Lists, tuples and memory.

Larry Bates lbates at swamisoft.com
Thu Jul 15 16:15:16 EDT 2004


Any reason not to put the words into a dictionary?

Then your code becomes:

lstdict=dict([(x.lower().strip(), None) for x in
              file("D:\\CommonDictionary.txt")])


if lstdict.has_key(word):
  do something

(not tested, but should be close)

I'll bet access is faster (even if loading is slightly slower).
You also benefit from the fact that the dictionary file
doesn't need to be kept sorted.

HTH,
Larry Bates
Syscon, Inc.

"Elbert Lev" <elbertlev at hotmail.com> wrote in message
news:9418be08.0407151109.15894fe7 at posting.google.com...
> Hi, all!
>
> Here is the problem:
> I have a file, which contains a common dictionary - one word per line
> (appr. 700KB and 70000 words). I have to read it in memory for future
> "spell checking" of the words comming from the customer. The file is
> presorted. So here it goes:
>
> lstdict = map(lambda x: x.lower().strip(),
> file("D:\\CommonDictionary.txt"))
>
> Works like a charm. It takes on my machine 0.7 seconds to do the trick
> and python.exe (from task manager data) was using before this line is
> executed
> 2636K, and after 5520K. The difference is 2884K. Not that bad, taking
> into account that in C I'd read the file in memory (700K) scan for
> CRs, count them, replace with '\0' and allocate the index vector of
> the word beginnigs of the size I found while counting CRs. In this
> particular case index vector would be almost 300K. So far so good!
>
> Then I realized, that lstdict as a list is an overkill.
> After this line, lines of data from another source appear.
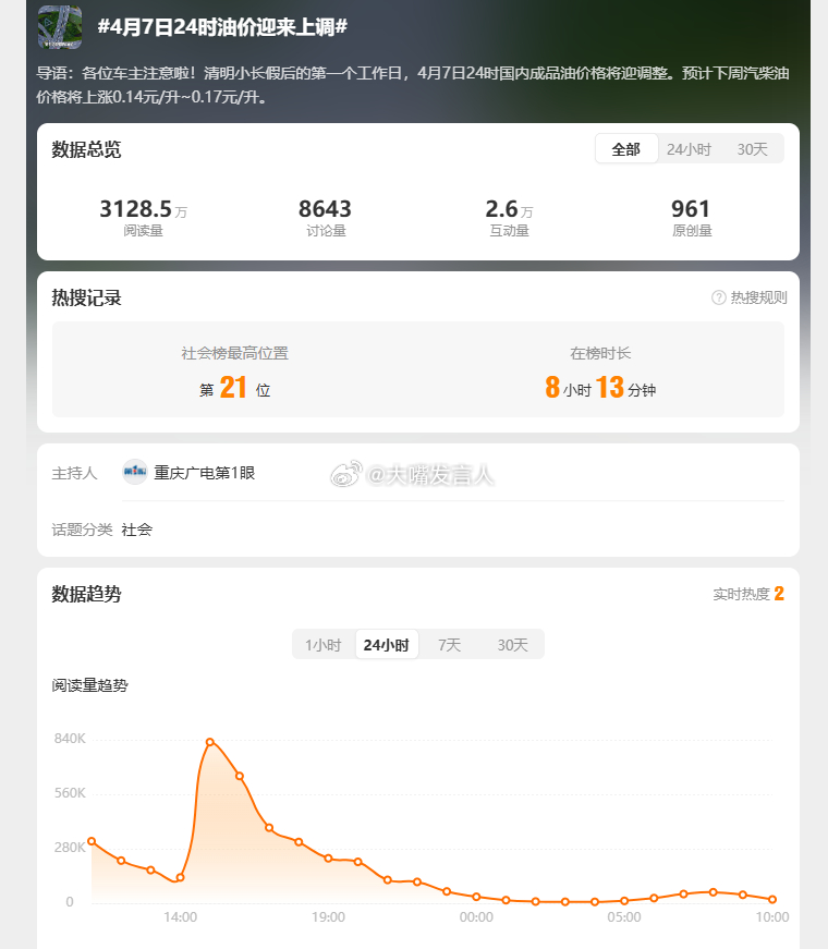 本地附近的一家民营加油站,昨天油价7.68元每升,95与92同价、免费洗车。今天涨了一毛三,每升7.81元我翻了一下以往发言,去年11月左右,油价每升在5.8元左右。4月7日24时油价迎来上调,热点观点 ,国家继续出手调控油价,继续对成品油价格采取调控措施
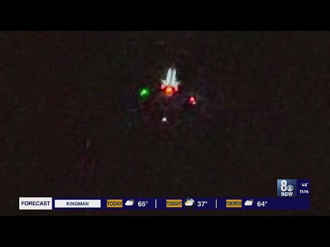 Innflyging til flyplass der man ser flere objekt hengende i luften med intenst lys, som ikke ser ut til å flytte på seg.
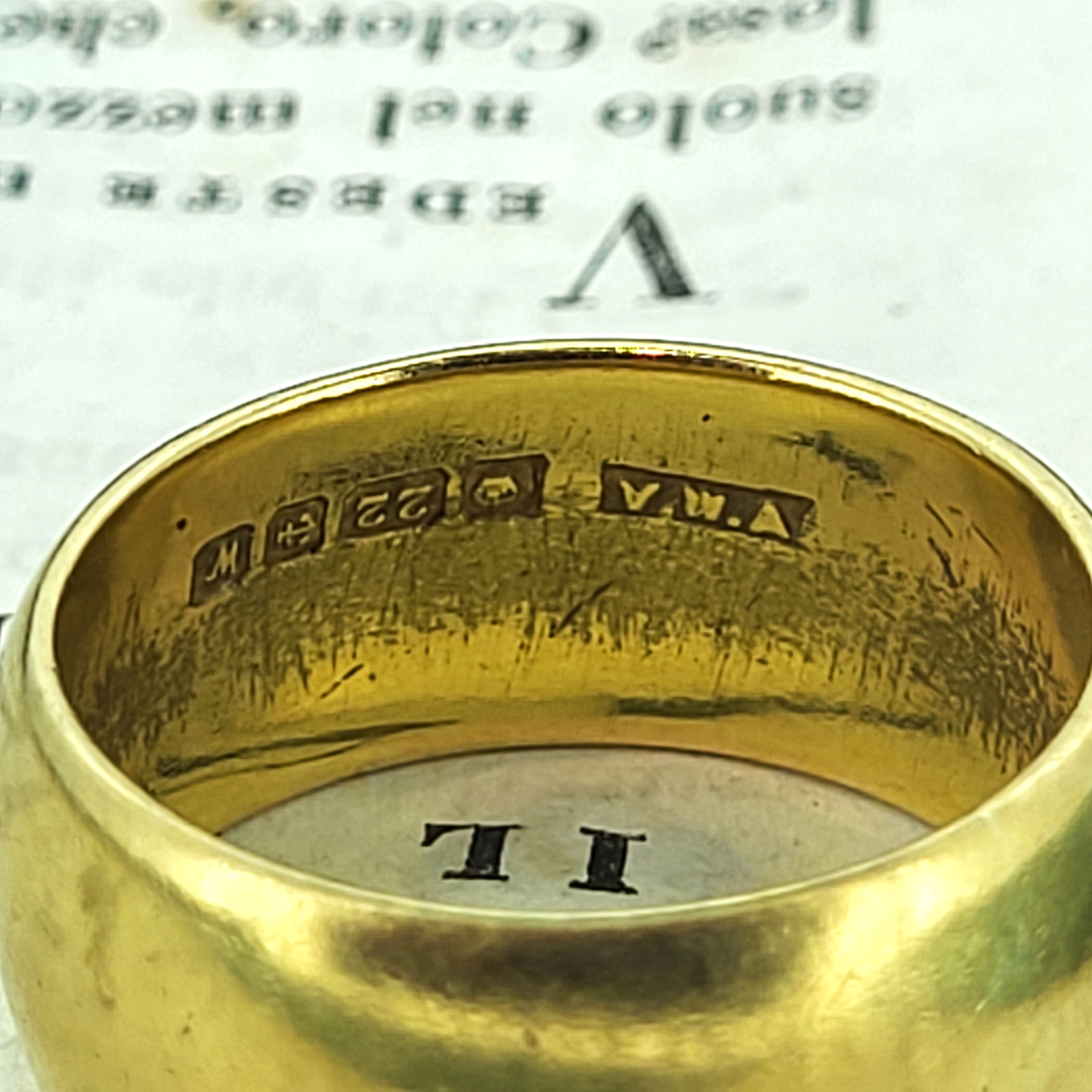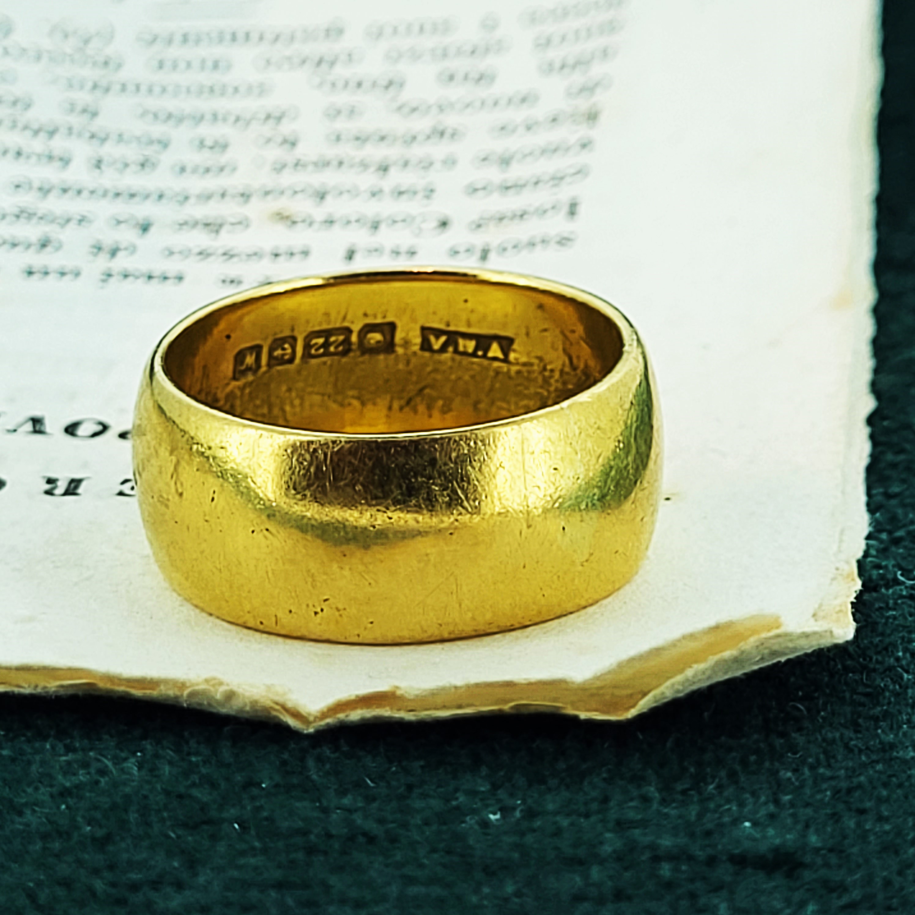 For those who are looking for the perfect, ethical wedding ring this could be for you! This wedding ring is crafted from 22ct Gold and measures 8.5mm across the top. It is a Light Weight D-Shape profile and the ring was fully hallmarked in Birmingham by V.W.A, dated between 1971 - 1972.
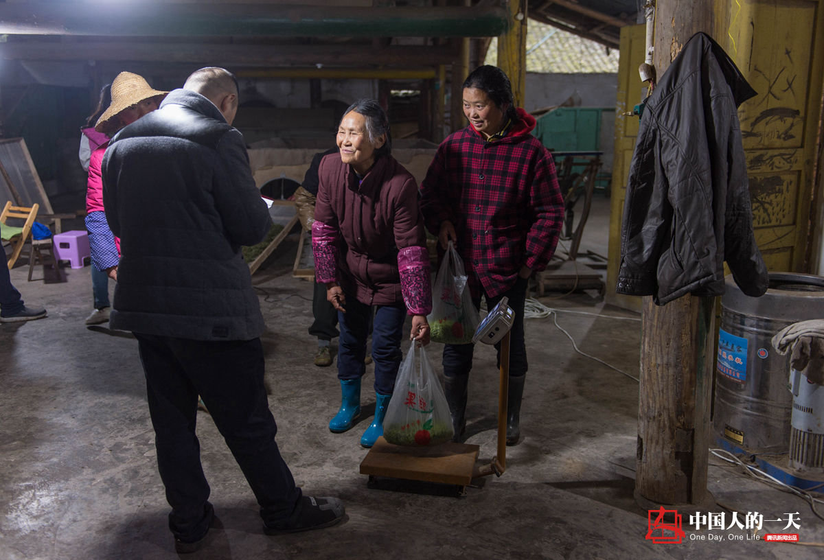 每天傍晚,山里村民采了芽尖就送到他的作坊,大家都是几十年的老熟人了。
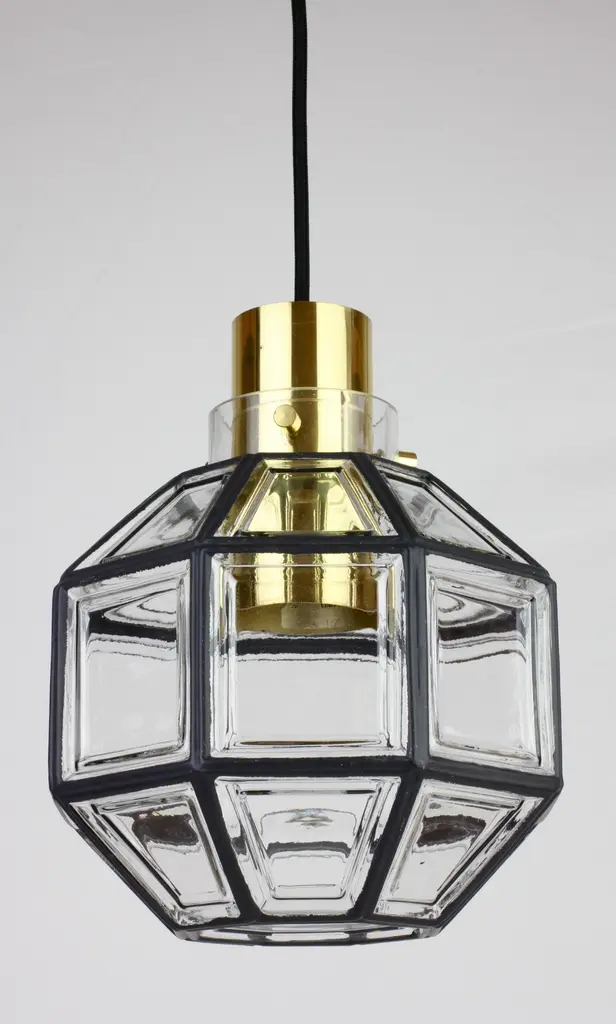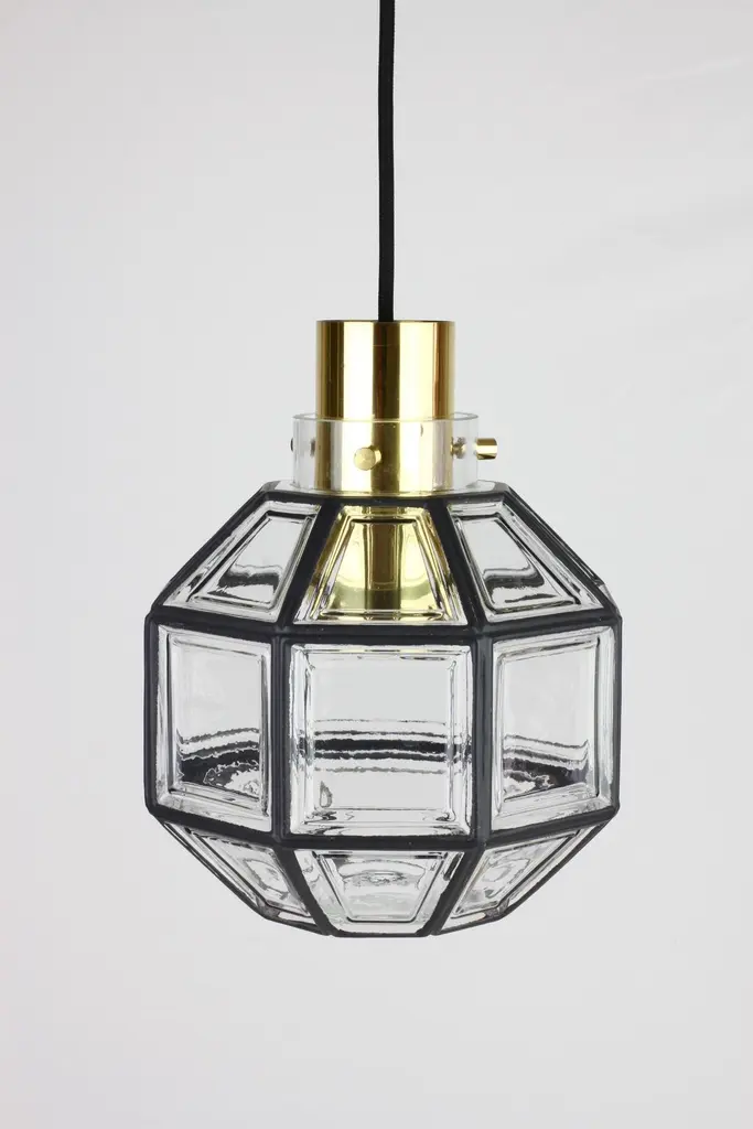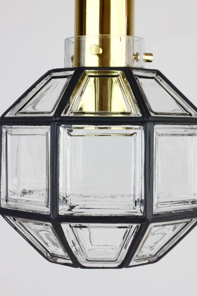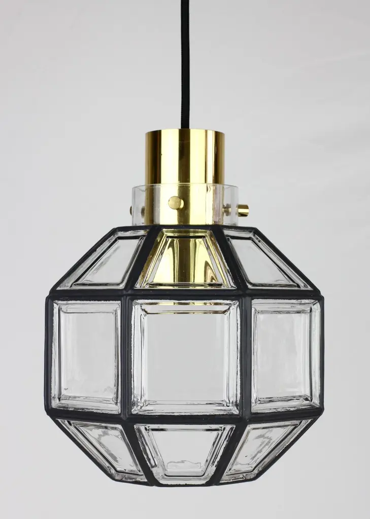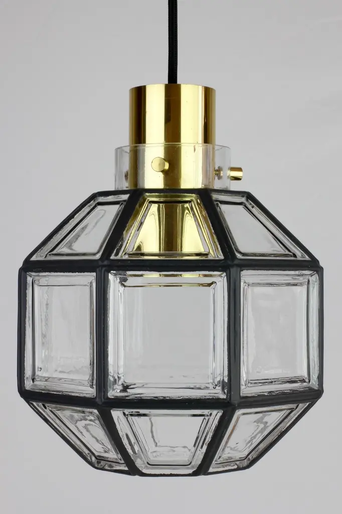 One of a set four beautifully designed and crafted octagonally shaped and multi-faceted clear glass & polished brass Mid-Century pendant light. These large minimalistic, Contemporary Art Deco and Lantern style lights were designed by Hans-Agne Jakobsson and manufactured by Limburg Glashütte, Germany, circa 1960-1969. These are the smaller of two sizes made by Limburg. We also have the larger pendants as well as a full range of Limburg lights from this range / style.Newly rewired. Each lamp requires one standard E27 (E26 for U.S. customers) screw fit lightbulb (75Watt max.) We can supply, free of charge, any length / drop of cable in almost any color / colour.

Tuple is
> enough in my case. So I modified the code:
>
> t = tuple(file("D:\\CommonDictionary.txt"))
> lstdict = map(lambda x: x.lower().strip(), t)
>
> This code works a little bit faster: 0.5 sec, but takes 5550K memory.
> And maybe this is understandable: after all the first line creates a
> list and a tuple and the second another tuple (all of the same size).
>
> But then I decieded to compare this pieces:
>
> t = tuple(file("D:\\CommonDictionary.txt"))        # 1
> lstdict = map(lambda x: x.lower().strip(), t)      # 2
>
> lstdict = map(lambda x: x.lower().strip(),
> file("D:\\CommonDictionary.txt")) # 3
>
> As expected, after line 2 memory was 5550K, but after line 3 it jumped
> to 7996K!!!
>
> The question:
>
> If refference counting is used, why the second assignment to lstdict
> (line 3) did not free the memory alocated by the first one (line 2)
> and reuse it?
>
> So one more experiment:
>
> t = tuple(file("D:\\CommonDictionary.txt"))        # 1
> lstdict = map(lambda x: x.lower().strip(), t)      # 2
> del lstdict                                        # 3
> lstdict = map(lambda x: x.lower().strip(),
> file("D:\\CommonDictionary.txt")) # 4
>
> In this case executing line 4 did not add memory!
>
> By the way, the search speed is very-very good when done by function:
>
> def inDict(lstdict, word):
>     try:
>         return lstdict[bisect(lstdict, word) - 1] == word
>     except:
>         return False
>
> 500 words are tested in less then 0.03 seconds.